**Task item:**
In the records below, find the line containing "Banda Unidade na Fé" and repeat it and every line after it exactly, without pictures.

[Start of section]

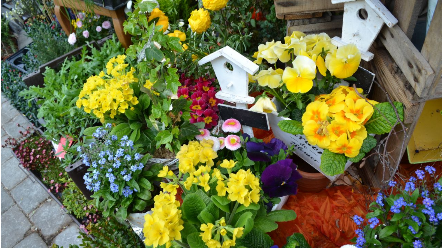
Backen und Blumen
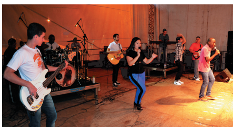
Banda Unidade na Fé
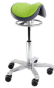
Amazone con mecanismo Balanceo
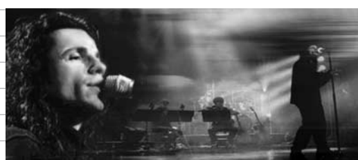
Bruno Pelletier & l'OSM
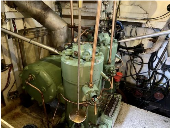
Motor Ansicht 1
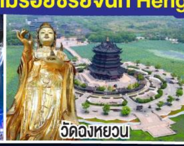
วัดฉงหยวน

[End of section]

**Task solution:**
Banda Unidade na Fé
Amazone con mecanismo Balanceo
Bruno Pelletier & l'OSM
Motor Ansicht 1
วัดฉงหยวน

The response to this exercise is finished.